**HOW TO COMPLETE THIS TASK**. Transcribe word for word the section of the records below that opens with the line containing "- 注:f中有两个变量,a,rest。 、、、rest是一个数组。、、、且rest只是一个变量名,它是可以改的" and closes with the line containing "Rij palen tijdens"; drop every picture.

======== INPUT

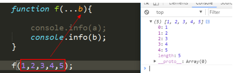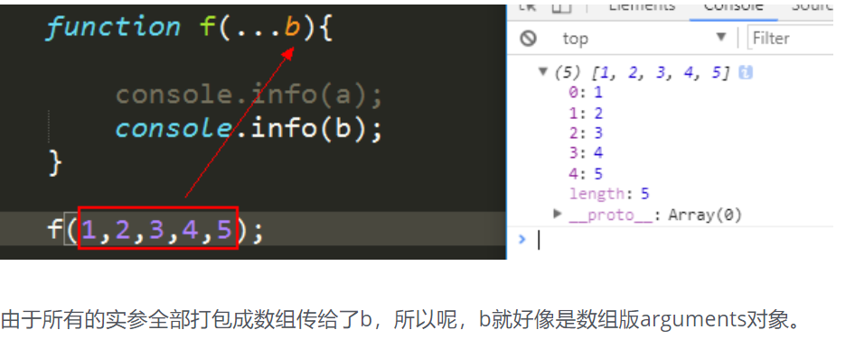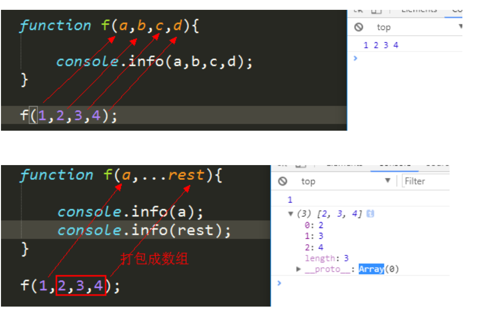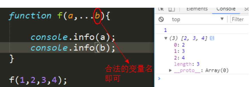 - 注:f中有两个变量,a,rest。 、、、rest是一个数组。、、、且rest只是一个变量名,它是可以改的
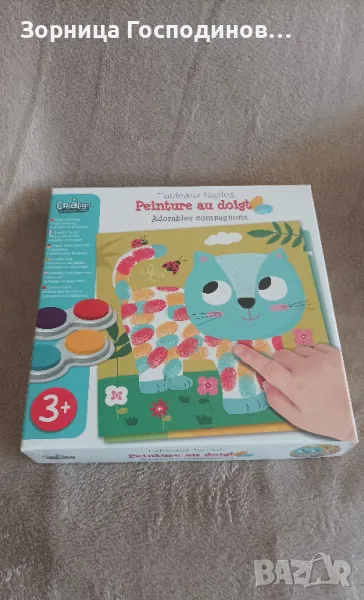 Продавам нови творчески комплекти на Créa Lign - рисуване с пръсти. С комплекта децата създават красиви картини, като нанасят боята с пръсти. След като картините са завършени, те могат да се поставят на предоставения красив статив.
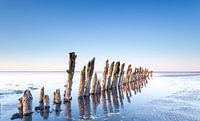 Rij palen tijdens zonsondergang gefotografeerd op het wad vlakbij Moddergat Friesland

================
======== INPUT

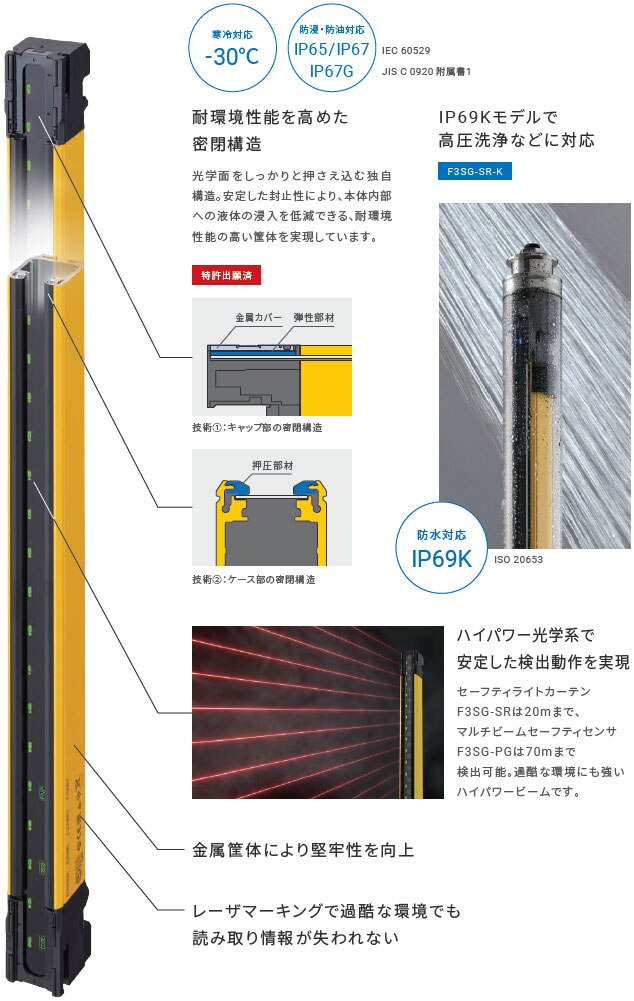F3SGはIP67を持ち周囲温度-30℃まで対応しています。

================

**ANSWER SPACE**.
 - 注:f中有两个变量,a,rest。 、、、rest是一个数组。、、、且rest只是一个变量名,它是可以改的
 Продавам нови творчески комплекти на Créa Lign - рисуване с пръсти. С комплекта децата създават красиви картини, като нанасят боята с пръсти. След като картините са завършени, те могат да се поставят на предоставения красив статив.
 Rij palen tijdens zonsondergang gefotografeerd op het wad vlakbij Moddergat Friesland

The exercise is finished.